AT: Implementing any new technology inevitably comes with challenges. What should compliance teams expect when deploying AI in their programs?
DE: Expect challenges around data quality, model explainability, and change management. AI is only as good as the data it’s used with, so cleansing and structuring data is a big lift. Regulators and auditors will expect clear explanations of
how models make decisions, so governance and documentation are critical. And internally, there’s often cultural resistance; people worry AI will replace them or “black box” decisions will be made without oversight. Another frequent challenge is integration with legacy systems. Many compliance teams operate on fragmented data infrastructures, making it difficult to get the clean, centralized datasets AI systems need. Planning for data architecture improvements upfront can save significant headaches down the line. It’s also common to underestimate the human element. Rolling out AI is not just
a technical deployment; it’s an organizational transformation. Clear communication, training, and change champions are
essential to avoid skepticism and resistance.
AT: What have you found to be the best ways to overcome them?
DE: Transparency and collaboration are key. Engage compliance, engineering, legal, and audit early to build shared
understanding and clear governance. Provide training so staff understand how the AI works and how it fits into workflows.

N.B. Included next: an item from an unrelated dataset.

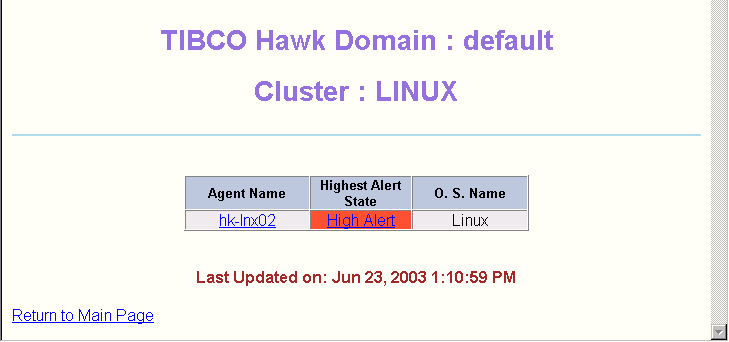 This screen appears when you click a cluster name in the Domain View. It displays information about the agents in the selected cluster.
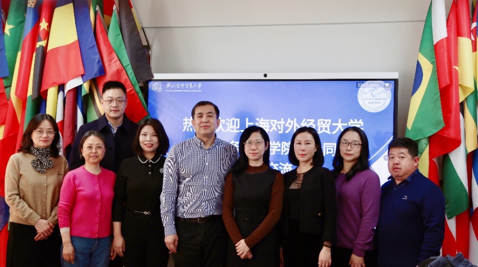 12月7日,調研團隊赴對外經濟貿易大學外語學院調研,對外經濟貿易大學外語學院書記田文泉、外語學院主管教學副院長黃慧、法語系主任桂澤元、法語系原系主任、現學院學術委員周曉幸、法語系教師王新霞參加座談和交流。田文泉書記首先首先向我院教師到訪表示歡迎,隨后介紹了外語學院發展歷史及學科建設總體情況,以國際經濟與貿易-法語雙學士學位項目為重點,介紹了近年來跨專業雙學位項目實施進展、成效及經驗,交流過程中還還介紹了以國際組織人才培養為重點的國際經濟與貿易-法學雙學士項目班情況。王玉副院長簡要介紹了上海對外經貿大學國際商務外語學院法語系建設和國際組織人才培養發展規劃等情況。雙方聚焦國際化、復合型人才培養進行了深入、熱烈的討論和交流,一致認為雙方在專業體系上同源同根,應相向而行、緊密協同、共同發展,就下一步法語系建設方向和特色打造等話題達成共識,并對雙方近期合作的具體事項進行了磋商。

Start with pilot programs to demonstrate value, and ensure you have strong model governance and validation frameworks to build regulator and internal trust. Another effective tactic is to establish a cross-functional AI working group early on. This group can align priorities, address ethical considerations, and create shared accountability. By involving skeptics in the design and testing phases, you turn potential blockers into advocates. Pilots should also be scoped thoughtfully — not just to prove the technology works, but to demonstrate business value and regulatory soundness simultaneously.
AT: There’s been a lot of talk about AI governance for the enterprise as a whole, but not so much about governance within
the compliance program itself. Should we be talking about it more? If so, what should we be addressing?

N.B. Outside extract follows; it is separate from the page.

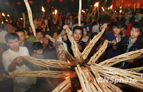 图为游客正在点燃火把。中新社发 甘娜 摄

DE: Yes, absolutely. Compliance teams need their own AI governance frameworks that align with enterprise standards while being tailored to regulatory expectations. That includes clear accountability for model performance, documentation of
how decisions are made, periodic validation, bias testing, and audit trails. We also need to define escalation paths when models behave unexpectedly. Strong governance isn’t just good practice; it’s what will allow compliance teams to harness AI confidently and defensibly. Compliance-specific AI governance should also include model lifecycle management, ensuring that controls evolve alongside regulatory expectations and business changes. This involves version control, retraining protocols, and clear sign-offs for model updates. Finally, ethics and fairness testing must be integral. AI models that inadvertently introduce bias can create compliance risk themselves — especially in areas like the Know Your Customer process or transaction monitoring, where decisions affect customers directly. Governance must ensure that models are not just accurate, but also fair and explainable.
AT: Thanks, Dustin, for sharing with our readers!